• **What to work on**
Omit every image, and transcribe the remaining entries exactly as given.

▼

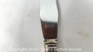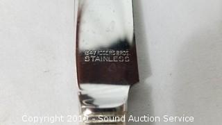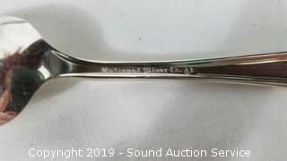 Mostly National Silver Co and Roger Bros. 100+ pieces. Comes in tarnish proof wooden chest. Complete service for 6 of National Silver Co flatware except for the small snack forks.
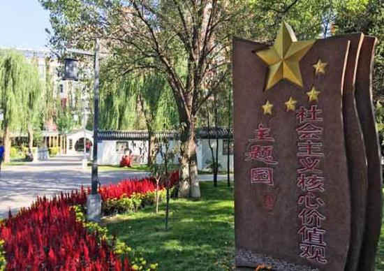 9月22日,记者来到位于人民公园北部的社会主义核心价值观主题园。园内景色宜人,雕刻着社会主义核心价值观的主题墙、扇面长廊等景观各具特色,人工湖和绿茵相得益彰,虽然主题园建成不久,已有市民驻足观赏。市民李莉告诉记者,核心价值观主题园对下一代的教育很有意义,环境也很好,市民休闲健身又多了一个好去处。
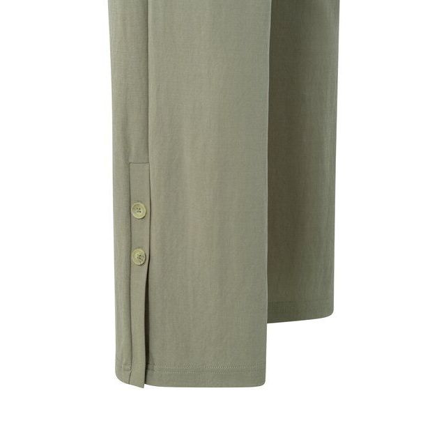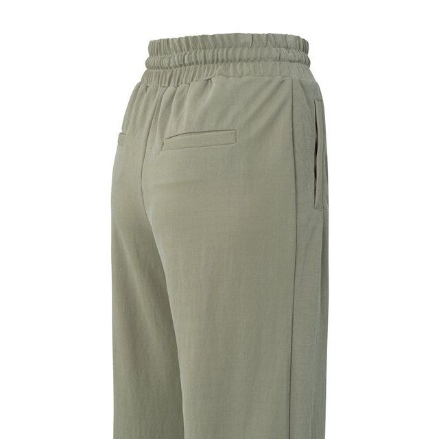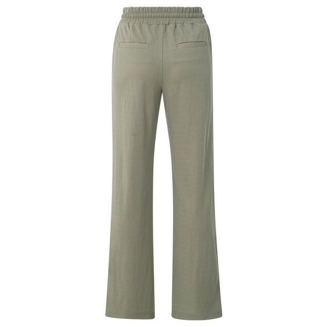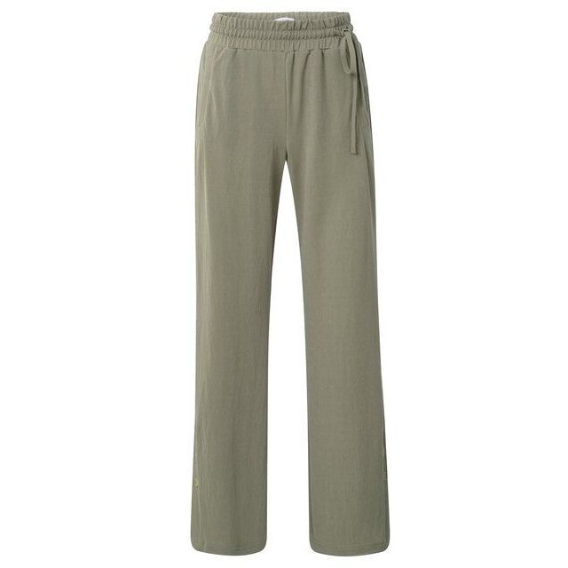 Creëer een modieuze look met de YAYA jersey broek met wijde pijpen en trendy split, verkrijgbaar in stoer legergroen. Voeg een vleugje stijl toe aan je garderobe met deze must-have broek van YAYA.
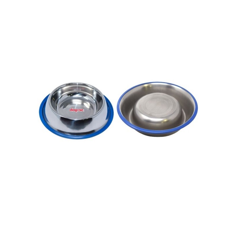 Este comedero en acero inoxidable cuenta con base antideslizante y lleva un borde inferior de silicona en color azul. Cuenta con un diámetro de 22 cm.
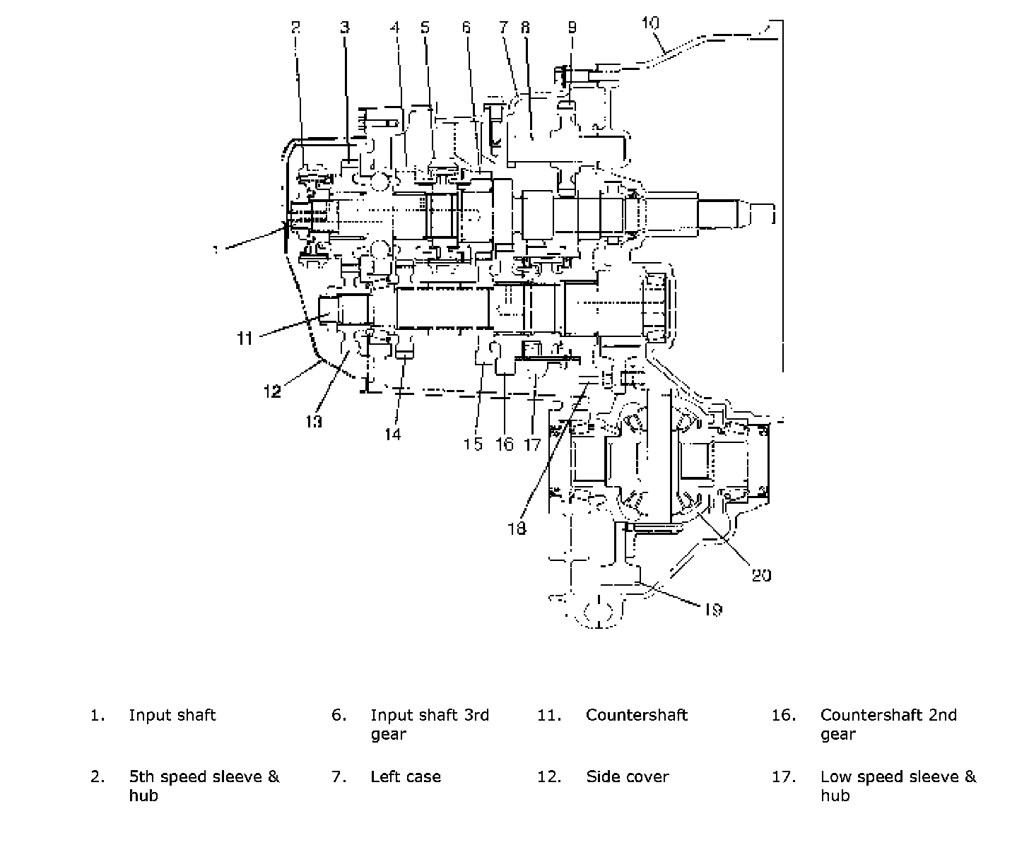 The countershaft turns the final gear and differential assembly, thereby turning the front drive shafts which are attached to the front wheels.
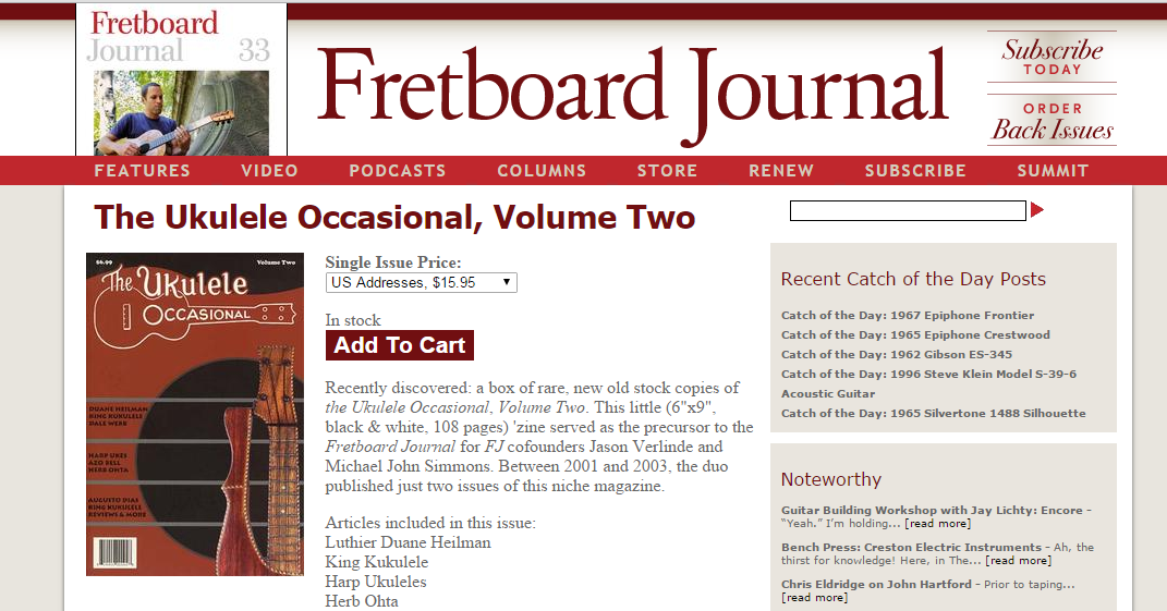 Fretboard JournalThe “Fretboard Journal” is interesting. They have the occasional article on Ukulele but it’s mostly guitars and other stringed instruments. Currently they have hard copies of the defunct yet interesting uke magazine, The Ukulele Occasional. They have some good articles online about ukulele, you just have to search: Uke related articles.
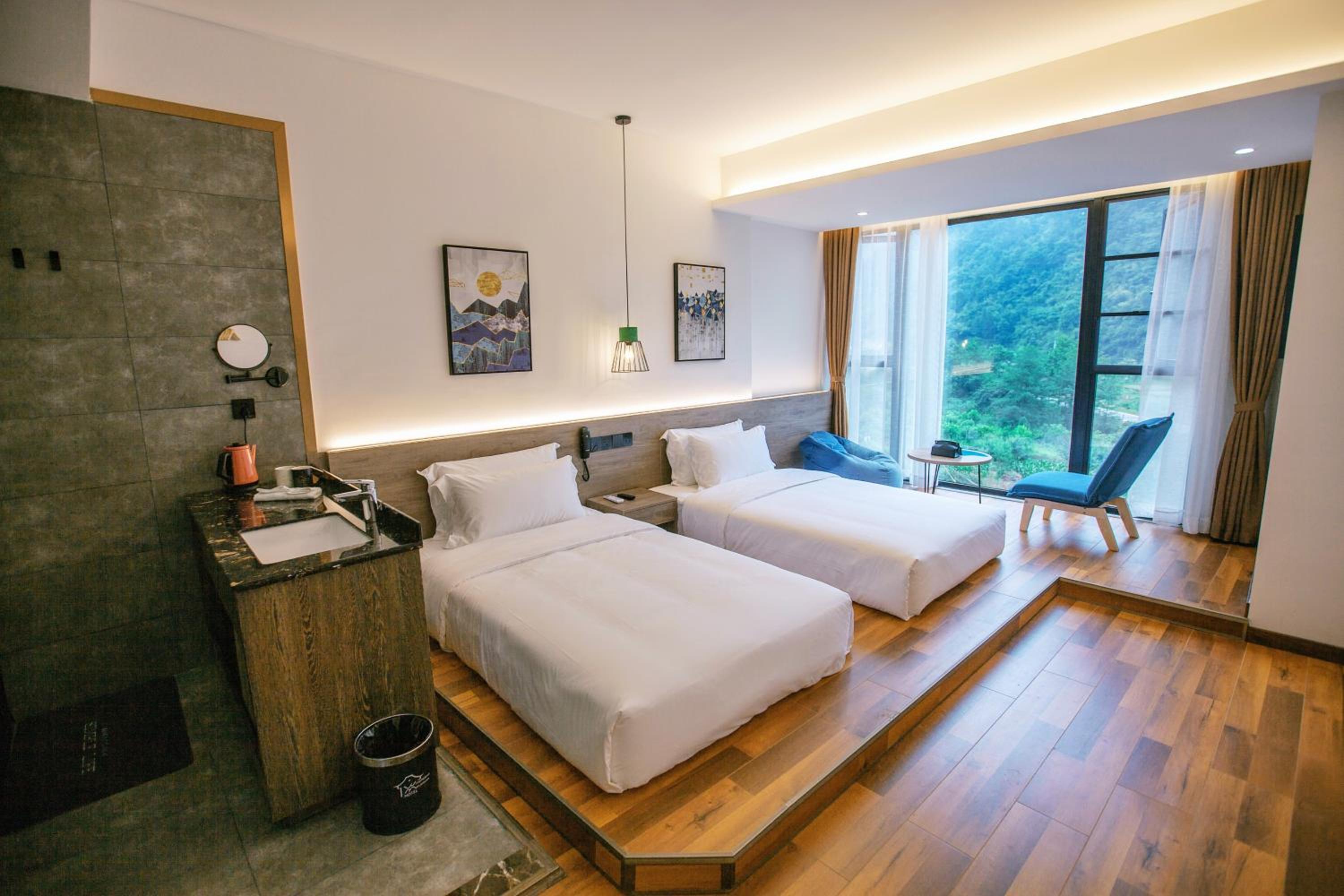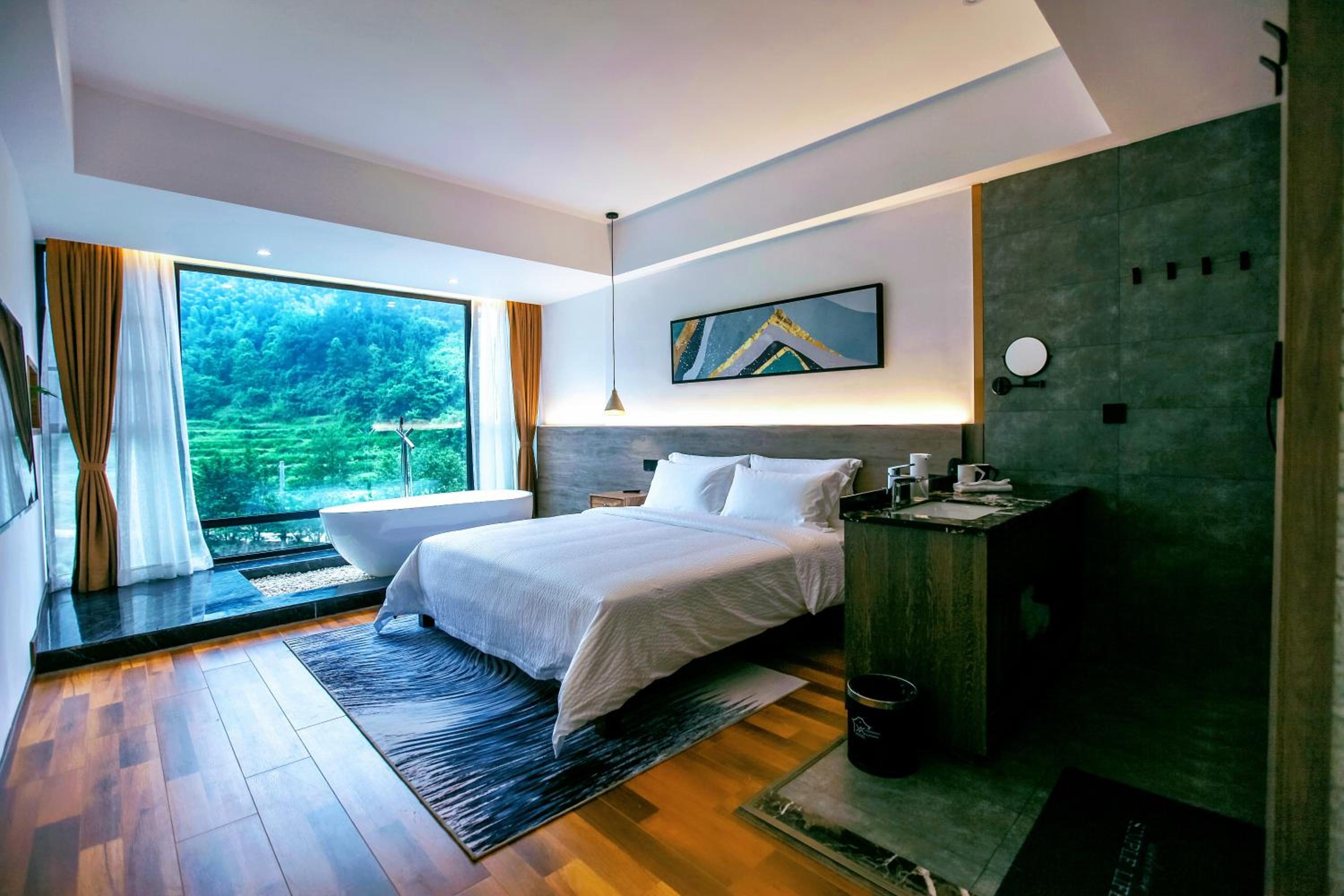 Whispering mountains boutique hotel, nestled in Zhangjiajie, offers a tranquil escape just 1.3 km from Yangjiajie Scenic Area. The air-conditioned rooms, equipped with modern amenities, provide a comfortable stay. Indulge in a delicious meal at the on-site restaurant or unwind in the garden.

▲

• **Answer area**
 Mostly National Silver Co and Roger Bros. 100+ pieces. Comes in tarnish proof wooden chest. Complete service for 6 of National Silver Co flatware except for the small snack forks.
 9月22日,记者来到位于人民公园北部的社会主义核心价值观主题园。园内景色宜人,雕刻着社会主义核心价值观的主题墙、扇面长廊等景观各具特色,人工湖和绿茵相得益彰,虽然主题园建成不久,已有市民驻足观赏。市民李莉告诉记者,核心价值观主题园对下一代的教育很有意义,环境也很好,市民休闲健身又多了一个好去处。
 Creëer een modieuze look met de YAYA jersey broek met wijde pijpen en trendy split, verkrijgbaar in stoer legergroen. Voeg een vleugje stijl toe aan je garderobe met deze must-have broek van YAYA.
 Este comedero en acero inoxidable cuenta con base antideslizante y lleva un borde inferior de silicona en color azul. Cuenta con un diámetro de 22 cm.
 The countershaft turns the final gear and differential assembly, thereby turning the front drive shafts which are attached to the front wheels.
 Fretboard JournalThe “Fretboard Journal” is interesting. They have the occasional article on Ukulele but it’s mostly guitars and other stringed instruments. Currently they have hard copies of the defunct yet interesting uke magazine, The Ukulele Occasional. They have some good articles online about ukulele, you just have to search: Uke related articles.
 Whispering mountains boutique hotel, nestled in Zhangjiajie, offers a tranquil escape just 1.3 km from Yangjiajie Scenic Area. The air-conditioned rooms, equipped with modern amenities, provide a comfortable stay. Indulge in a delicious meal at the on-site restaurant or unwind in the garden.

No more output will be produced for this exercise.